# Peaceful Snail Eater?



## qpc68

I'm looking for a fish to help rid my tank of snails without attacking any of my other fish. I have heard dwarf puffers are the best snail eaters, but as they will attack my other fish, especially my tetra's, I'd rather not go that route. Here are the fish I currently have:

6 Neon/5 Rummy Nose Tetras
3 Otocinclus
4 Corydoras
1 Rainbow Shark
1 Raphael Catfish
1 U-D Catfish

I have tried putting a piece of lettuce into the tank to collect the snails and I caught bupkus. I'm crushing all the little one's I find and feeding them to the tetras so they can get a taste for them, and I haven't fed my fish in about a day and a half to encourage them to go snail hunting. 

I don't have room to place a school of fish (elminating most loaches) but are there any specific species of fish known for eating snails that would do well in a peaceful tank? My Raphael is doing a decent job I think, but he may need some help.


----------



## 1077

Banjo catfish is reported to do a fair job as well as the raphael. I had a severe snail problem in 55gal. two or three years ago and between gravel vaccuming and cucumber and zuchinni sliced long ways I was able to get them under control although I was not able to eradicate them completely. It is best to catch them on the cucumber etc while lights are off or just before lights on of a morning. They do serve a useful purpose in the aquarium but some folks despise them.


----------



## PDXfishy

There are also assassin snails. I have seen them for sale in Europe, but reportedly they also appear on Aquabid occasionally. 
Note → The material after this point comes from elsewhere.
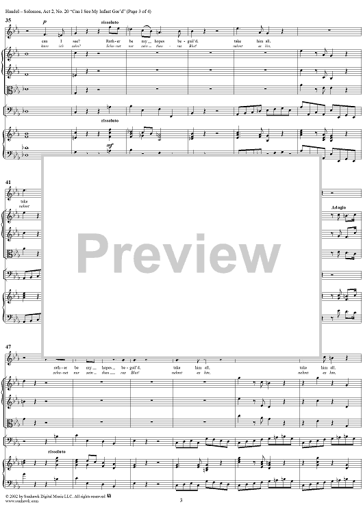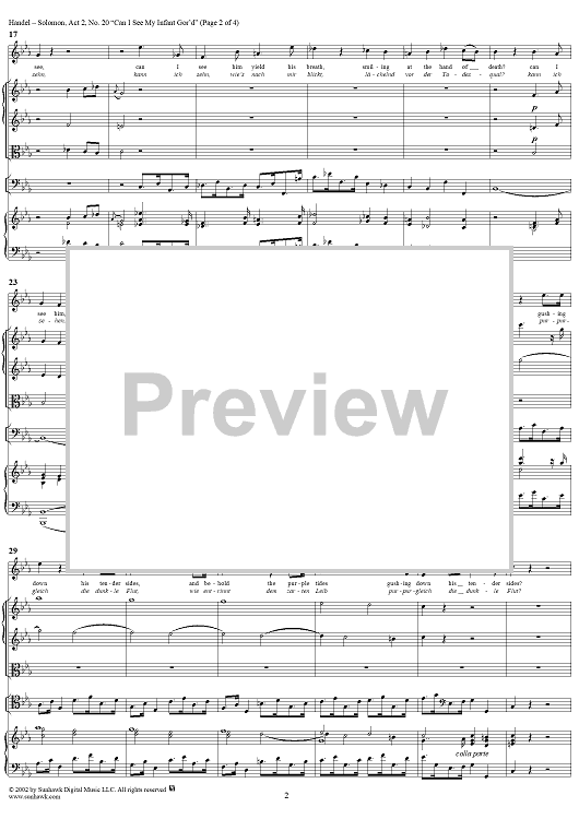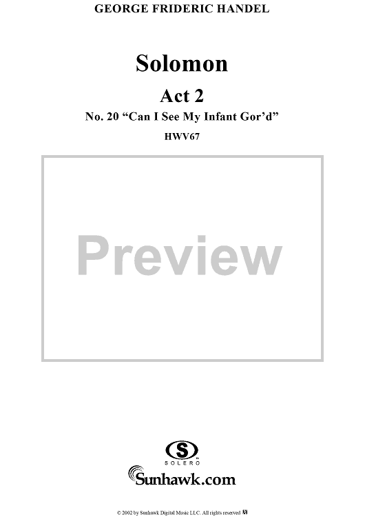 Digital Sheet Music for Can I see my infant gor'd, No. 20 from Oratorio "Solomon", Act 2 (HWV67) by George Frideric Handel scored for Soli/SATB/Orchestra; id:290385
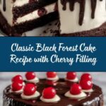This classic Black Forest Cake recipe features moist chocolate cake layers soaked with cherry brandy, layered with rich whipped cream and luscious cherry filling. Topped with chocolate shavings and fresh cherries, it is an elegant and indulgent dessert perfect for special occasions.

Here is a link: http://www.thinkfish.co.uk/fish/Assassin_Snail


----------



## qpc68

Well I certainly don't despise them, and in fact am happy keeping a few larger snails in the tank. But I believe some little guys snuck through on some plants and we're now up to killing about 15 a day. My concern is that without something in place to keep them in check that they will soon overrun the tank.


----------



## 1077

Another thing you may try is to cut back on feeding your fish to once a day .I keep discus,dwarf cichlids,tetras,corys etc and only feed them once each day okay , maybe twice on weekends. By reducing the food the snails will decrease in numbers. Your fish will not suffer from once a day feedings. What it will do is ensure that when feeding time arrives that they quickly get after the food thats offered and will in most cases then patrol the bottom in search of food as well. I know some will not agree with this but it has worked for me for a number of years. Good Luck. :wink:


----------



## paytheplayer

I have most of the same fish as you, although I have a dojo loach, and they enjoy snails. It's possible that they can bother they other fish, but mine usually keeps to itself. 
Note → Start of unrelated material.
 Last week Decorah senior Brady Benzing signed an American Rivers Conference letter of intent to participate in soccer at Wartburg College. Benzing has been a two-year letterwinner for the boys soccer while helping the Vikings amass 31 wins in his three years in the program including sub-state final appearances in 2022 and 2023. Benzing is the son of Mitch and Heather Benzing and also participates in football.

I have a question about your Rafael Catfish. Yesterday I was at the LPS, and I bought an upside down catfish. I saw the Rafael there, and I was really interested. It was labelled as semi aggressive, so I chose to look it up first. Does it do well in a community tank?


----------



## qpc68

I haven't had any problems with him at all. All my research pointed to him being relatively peaceful. I've heard they can be territorial especially towards other raphael's but I haven't seen any territorial behavior. 

In fact, him and my rainbow shark actually share several hiding places without getting after each other at all. The shark will chase away some of the tetras and small cory's, but he never nips at them. I don't know if they get along because they are of similar size, but so far they do.


----------



## Lupin

paytheplayer said:


> I have a question about your Rafael Catfish. Yesterday I was at the LPS, and I bought an upside down catfish. I saw the Rafael there, and I was really interested. It was labelled as semi aggressive, so I chose to look it up first. Does it do well in a community tank?


False information. I've kept a raphael here myself and it is in a community. They can eat fish that fit their mouths otherwise they are fine.

qpc68, what size is the tank? I wouldn't resort to fish to solve the problem, not even loaches. Cut back on feeding and manually remove as many snails you can see as possible.


----------



## qpc68

Lupin

That's the course I'm currently taking. So far it seems to be working. I just wanted to have a backup plan


----------



## Lupin

You still have not mentioned the tank size.


----------



## Holly

I had quite a few snails in my tank till I added my Rams. I didn't know snails were on thier list of food but all of the snails, some were a pretty good size, were gone in 4 days!


----------